4) Repeat steps (2) and (3) until |f(x)|So far, is a very small number. In this case, f(x) 0 is considered to be the root.

#include

#include

double fun(double x)

double root(double a, double b, double e)

while(fabs(y) >e);

return x;

int main(void)

The 2-point method is also called the 2-point search method, which is also called the fold half method.

But the condition is that the data you're looking for must be in order! A sequential storage structure must be employed.

The advantages of the split search method are that the number of comparisons is less, the search speed is fast, and the average performance is good. The disadvantage is that the table to be looked up is required to be an ordered table, and it is difficult to insert and delete.
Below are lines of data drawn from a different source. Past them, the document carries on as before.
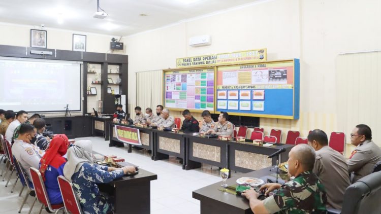 Kapolres Tanjungbalai AKBP. Ahmad Yuf Afandi SIK, MM bersama Fokopimda zoom meeting mengikuti Rakor Lintas Sektoral Bidopsnal dalam rangka Kesiapan Pengamanan Natal 2022 dan Tahun Baru 2023 bertempat di Aula Pesat Gatra Mako Polres Tanjungbalai, Jumat (16/12/2022) sekitar pukul 8.50 Wib.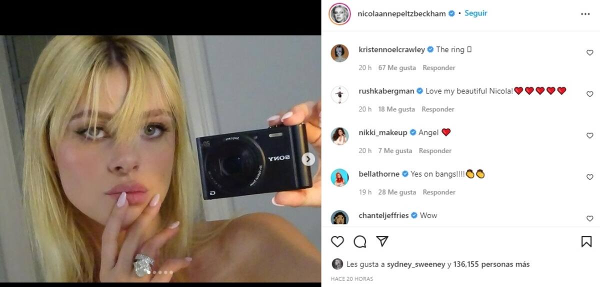 Según aseguró a Page Six la presidenta de Platinum Guild International USA, Jenny Luker, "el nuevo anillo de Nicola Peltz parece presentar un diamante ovalado muy grande, de aproximadamente 6 a 8 quilates, con diamantes trapezoidales a los lados, todo engastado en una banda de platino brillante".
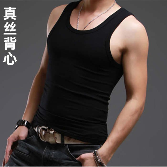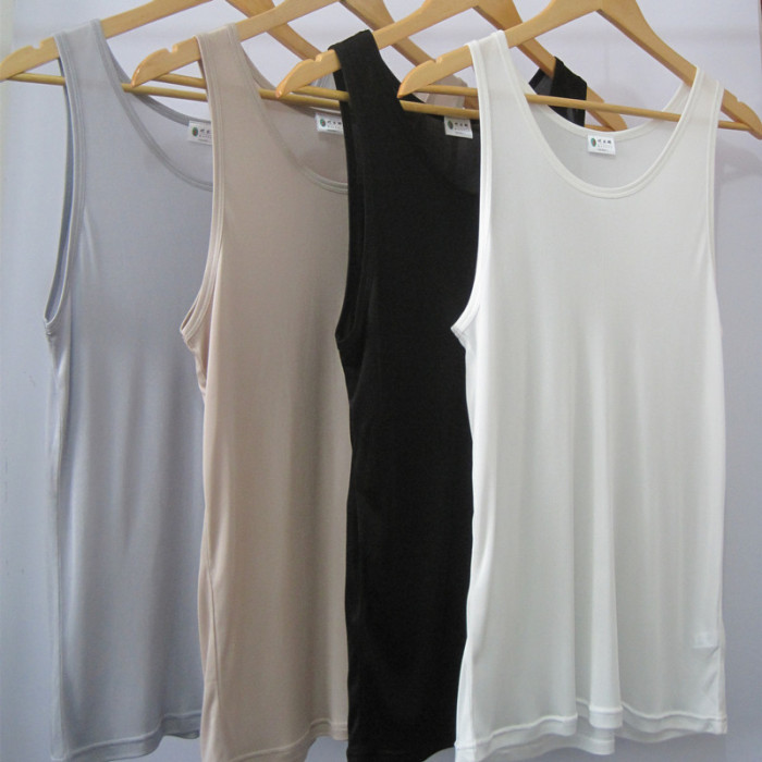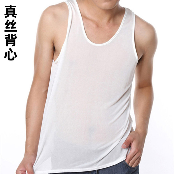 杭州真絲桑蠶絲針織薄款絲綢夏春秋冬季男士背心透氣打底寬松無袖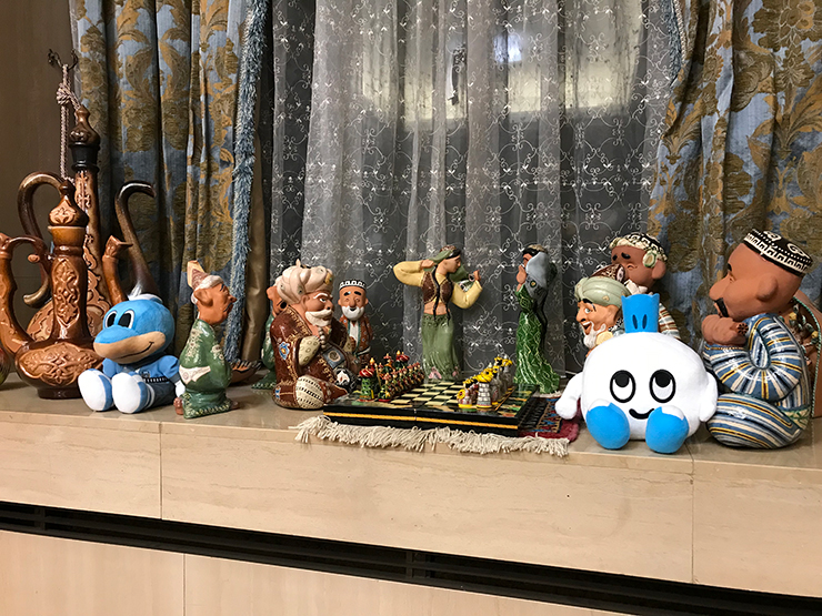 ウズベキスタン大使館からは、スタッフとふろん太が生出演。ふろん太は白の2ndユニフォームを着て気合十分でしたよ。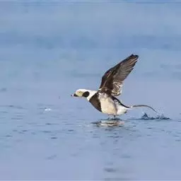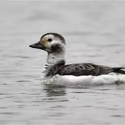 长尾鸭体长约58厘米,是中等体型的灰、黑及白色鸭,中央尾羽特长,雄鸟胸部的黑色斑块为特征。…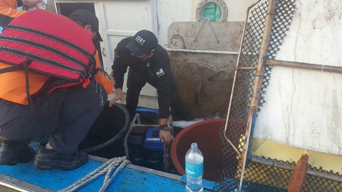 29일 울진해경이 침수선박 A호에 승선하여 배수 작업을 실시했다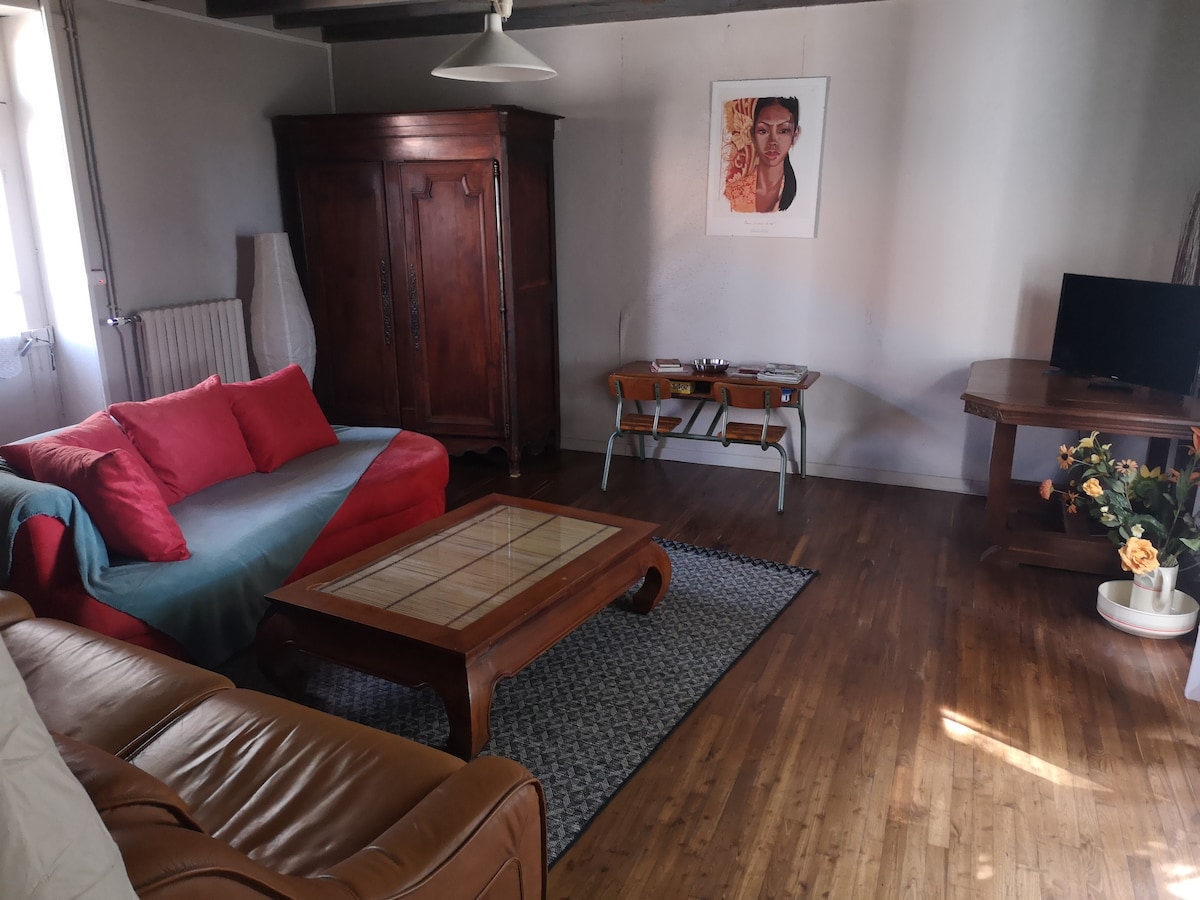 Petite maison de charme, clôturée à la campagne et idéalement située. Animaux acceptés gratuitement. Non adaptée aux enfants en BA & pers à mobilité réduite. Proche toutes commodités. A 4 min des Iles de Payré (lieu de promenade au bord de l’eau). A 20 min de Poitiers Sud & la Vallée des singes. Futuroscope 40 min.Marais Poitevin,Abbaye de St Savin à 1h00. La Rochelle à1h15 .Vous pourrez profiter du terrain pour vous détendre, manger dehors…Nos vélos,molkky,autres jeux sont à votre disposition.

Therefore, the half-fold search method is suitable for finding ordered lists that do not change frequently and find them frequently.

Firstly, the keywords recorded in the middle of the table are compared with the lookup keywords, and if the two are equal, the lookup is successful. Otherwise, the intermediate position record is used to divide the table into two subtables, the first and last subtables, if the keyword of the intermediate location record is greater than the search keyword, the previous subtable is further searched, otherwise the next subtable is further searched.

Repeat the above process until a record that satisfies the criteria is found, making the lookup successful, or until the child table does not exist, in which case the lookup is unsuccessful.

Write a paragraph** You see.

intsearchdata(int

des,int

min,int

max) *where min is the minimum subscript coordinate, max is the maximum subscript coordinates, and des is the subscript of the value to be found*

intmid=0;

mid=(min+max)/2;mid takes the subscript of the middle value of the array you are looking for.

while(mindes) if greater than des.

max=mid-1;The maximum subscript is equal to the current submark -1, which means that the search range is narrowed.

elsemin=mid+1;Otherwise, the minimum value of the subscript coordinate +1 narrows the search range.